Но можно попробовать вглядеться в эту радугу – любовь – и увидеть цвета, из которых она состоит.
«Каждый Охотник Желает Знать, Где Сидит Фазан» – знаешь эту запоминалку, деточка?
– Красный, Оранжевый, Желтый, Зеленый, Голубой, Синий, Фиолетовый – так легко запомнить цвета радуги-радости, – отвечаю я.
– Верно, моя хорошая, верно, – кивает Иллария.
– Вот красный в радуге любви – что это? Кровь – ясно же, не правда ли? И кровь всегда рифмуется с любовь – замечено не мной и не теперь, но ведь верно, ничего не поделаешь.
Старуха умолкает, а я думаю, что «кровь-любовь» – уже непоправимо стебная рифма, но зачем об этом знать дряхлой, но умной – о, какой умной! – женщине.
– Оранжевый… – заговаривает Иллария. – Оранжевый – как сполохи оргазма. Оргазма, который легко вживляет тебя в организм космоса на несколько божественных единиц золотого времени.
«Однако, – удивляюсь я, – какие слова».
– Желтый, – продолжает Иллария, – я бы сказала, что это жалость. Жалость, как жало, тонкой иглой входящая под сердце, когда видишь вдруг в одно мгновение смертность и уязвимость любимого человека, видишь его страдание по тебе.
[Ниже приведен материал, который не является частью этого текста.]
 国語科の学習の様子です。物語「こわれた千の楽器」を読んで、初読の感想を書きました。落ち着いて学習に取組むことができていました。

Жалость – это то, что срывает спасительный клапан, и ты можешь плакать о себе, о невозможности развести сплетения времен и обстоятельств так, чтобы никто не пострадал. Жалость – то, что держит эмоциональные связи с теми родными, кого ты тоже любишь, балансируя на хлипком мостике адюльтера над бездной жизни. Адюльтера… Любви, деточка, любви, что ни говори…
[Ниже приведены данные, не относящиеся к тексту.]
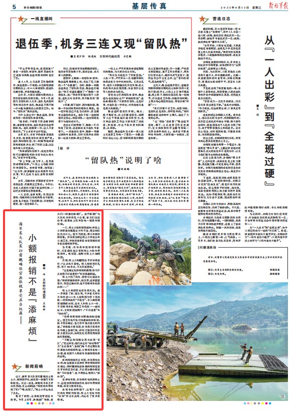 在司务长的帮助下,这笔个人垫付的车费顺利报销,魏士杰想象中的“麻烦”并没有出现,内心有了更多获得感。

Иллария плачет. Плачет тихо, одними глазами, лицо не сжалось. Взглядывает на меня, улыбается широко. Матово мелькают неплохие зубы. Протезы? Пожалуй.
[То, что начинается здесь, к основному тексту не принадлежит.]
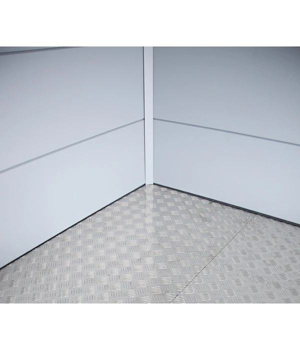 Mit diesem Riffelboden aus Aluminium schaffen Sie eine besondere Wertigkeit für Ihr Wolff Finnhaus Metall-Gerätehaus Eleganto 2724. Die geriffelte Struktur des Bodenbelags garantiert Ihnen einen sicheren Stand im Gartenhaus, sodass Sie auch mit nassen Schuhen nicht ausrutschen. Der unkompliziert zu verlegende Boden wird auf einer Stahlträgerkonstruktion angebracht und ist schwer belastbar. Zudem stellt Wolff Finnhaus eine Garantie von ganzen 20 Jahren für diesen Artikel aus. Zögern Sie daher nicht lange und werten Sie Ihre Gerätehaus Eleganto 2724 funktionell wie optisch auf!

– Ну а дальше «зеленый», – улыбается она вновь, стряхнув слезы. – Зеленый, как цвет листьев оливы, что голубь принес Ною в ковчег. Зеленый – как цвет знания.
Знания, что гибель была возможна, но ты уцелел, и вода сходит обратно в недра неисследимого Могущества, и тебе дарован шанс…
Знание, деточка, это именно то, что ты получаешь в любви. Ты познаешь своего мужчину. Нет, не так! Он познает тебя, как мужчина познает женщину, и передает это знание тебе, рот в рот, устье в устье, и с кровотоком это знание входит в твой разум, и от их соития рождается со-знание…
Иллария вдруг умолкает, словно ее со-знание вдруг отлетает на миг, и тут же заговаривает вновь:
– Голубой цвет в радуге… цвет бездны неба. Любовь всегда глубока. Проникая естеством на глубину твоей вагины, мужчина – любимый и любящий мужчина – проникает гораздо глубже, «до разделения души и духа», так говорили древние философы. Там – в глубине глубин – любимый мужчина отделяет истинную тебя от привычной тебя и дарит тебе эту редкость, и ценнее ее для тебя нет ничего в мире…
Знаешь, деточка, до него – до моего любимого – я, бывало, задумывалась: каково это – соединяться с тем, кого любишь и страстно желаешь? «Наверное, – думала я, – наверное, все совсем иначе, наверное, при этом ты становишься другой»… – Иллария улыбнулась и покачала головой. – Все не так, девочка, ты не становишься другой – ты становишься собой. Ты просто становишься собой.
– А синий? – спрашиваю я. – Синий цвет в радуге любви – о чем он? И так ли уж велика разница между синим и голубым?
– Синий… – тянет Иллария, улыбаясь, – «си-ний» невозможно произнести, не улыбнувшись. Так, улыбаясь, вспоминаешь о приступах беспричинной ревности.
Знаешь, деточка, синий цвет получается, если в голубой привнести черноты. Ревность – чернота, идущая из других глубин, тяжелая чернота страха, поднимающаяся со дна души. Это страх смерти. Смерти любви.
Это страх потери любви и страх беззащитности перед жизнью без нее. «Люта, как преисподняя, ревность», – говорил древний поэт, знаешь?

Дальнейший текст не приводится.